Online retailer Amazon.com may owe the state of Texas four years of back sales taxes for purchases from Lone Star residents, due to a fulfillment center the company owns in Irving, Texas.

Following recent developments in New York, which recently passed a controversial sales tax that Amazon feels unfairly targeted by – some state officials nicknamed it the “Amazon Tax” – the Texas Comptroller’s office decided to open an investigation into Amazon’s Irving fulfillment facility, after being contacted by a reporter from the Dallas Morning News with questions regarding the company’s tax payments.

Amazon says that state officials are fully aware of the facility and its operations, and that it does not have to pay sales taxes because it operates the fulfillment center under Amazon subsidiary “Amazon.com.kydc, Inc.”

“We remain in compliance with all Texas laws governing sales tax collection,” said Amazon spokeswoman Patty Smith.
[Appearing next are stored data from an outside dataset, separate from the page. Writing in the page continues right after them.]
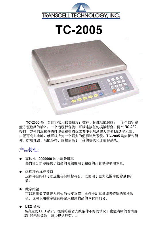 | 產(chǎn)品名稱:Transcell TC-2005 計數(shù)秤(scales) |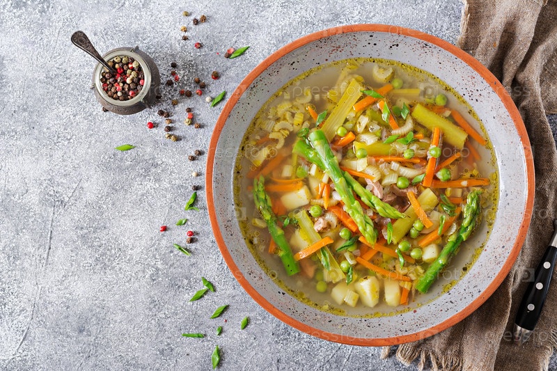 Суп с говядиной, спаржами, зеленым горохом, морковью и сельдерем. Диетическое меню. Здоровая пища. Плоская ложка. Вид сверху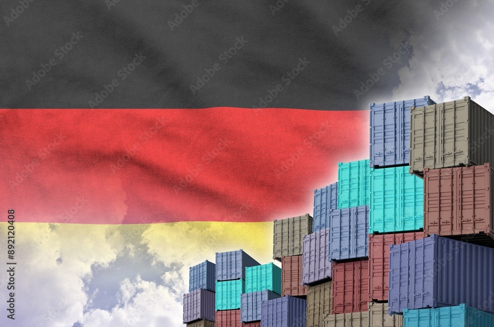 Germany flag and big stack of shipping cargo containers in docks with sky background close up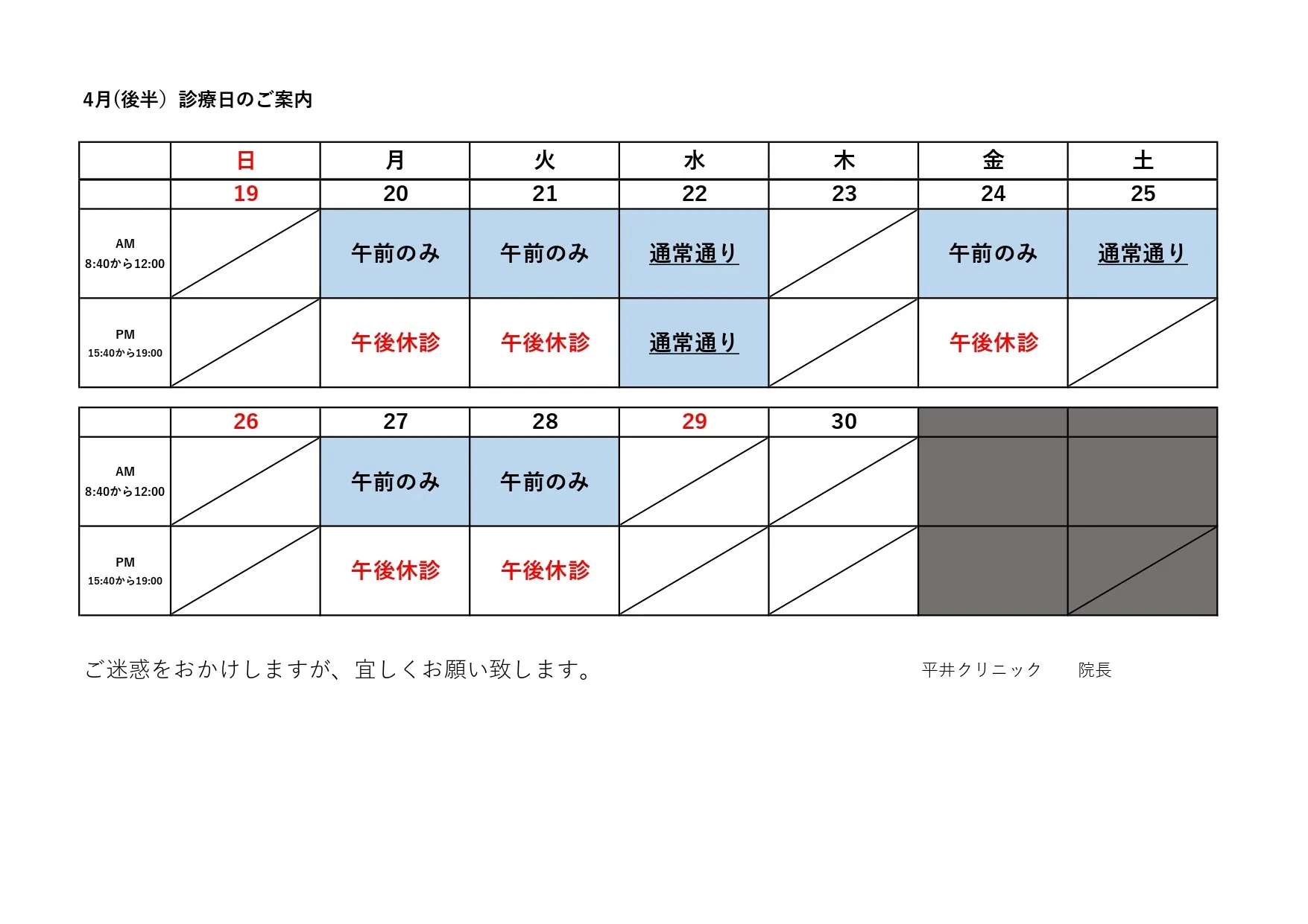 【診療時間】8:40~12:00 / 15:40~19:00 【休診日】木曜 / 土曜午後 / 日曜祝日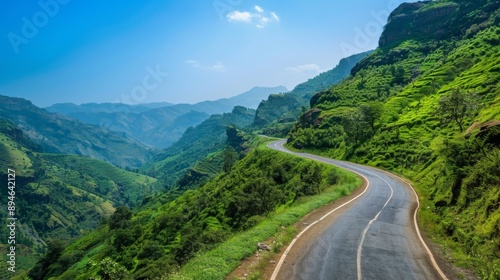 A winding mountain road snaking through lush green hillsides under a clear blue sky, perfect for scenic drives.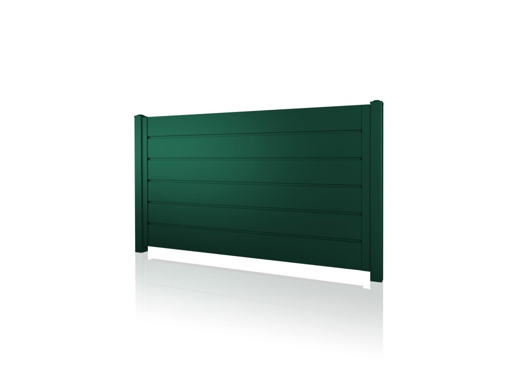 Plotové pole 10-200, ocelové, bezúdržbové, výplň 250 mm, na míru (šířka 400–3000 mm, výška 1000–2000 mm), zelená RAL 6005 matná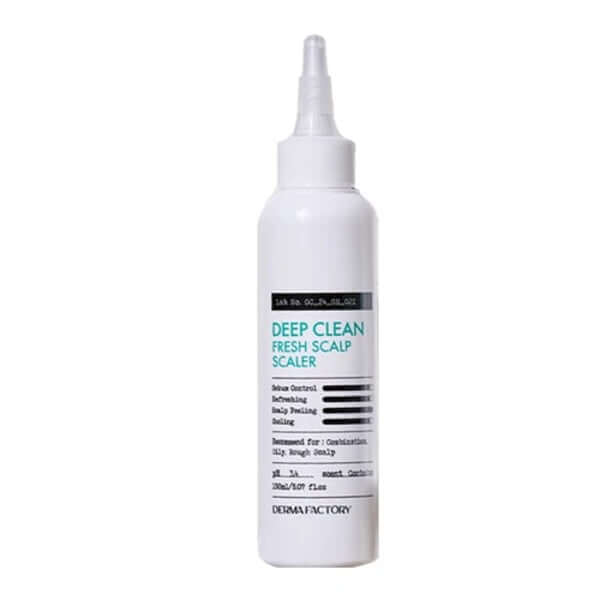DERMA FACTORY Deep Clean Fresh Scalp Scaler utilizes 95% natural ingredients to effectively purify the scalp. The formula combines coconut oil-derived surfactants that dissolve impurities while preserving the scalp's protective barrier. Salicylic acid removes keratinized cells and excess sebum, while the patented Anti-Sebum P (HD) complex featuring pine extract and David's elm root extract regulates sebum production and provides soothing benefits. This professional-grade treatment ensures optimal follicle nutrition by eliminating accumulated debris and toxins.

Texas law doesn’t require subsidiaries to collect sales tax.

Complicating matters are the fulfillment center’s records filed with the state, which in 2006 and 2007 listed “Amazon.com” as the owner instead of its “kydc” subsidiary. Such a mistake, if it was one, would force the company to be liable for millions in back sales taxes over the past four years, which the Comptroller’s office fully intends to collect. The current sales tax rate in Texas is 6.25%.

Currently, internet retailers are only entitled to collect sales tax from customers residing in a state that the company has a significant presence in. While out-of-state customers are still obligated to pay “use tax” for out of state purchases, actual consumption is untracked and, consequently, most consumers choose not to pay it. Both United States federal and state governments have made it clear that they intend to change this system: several states, like New York, are gunning for ways to enforce use taxes, and the IRS last week made it clear that it wants to tax transactions through user-to-user sites like eBay and Craigslist.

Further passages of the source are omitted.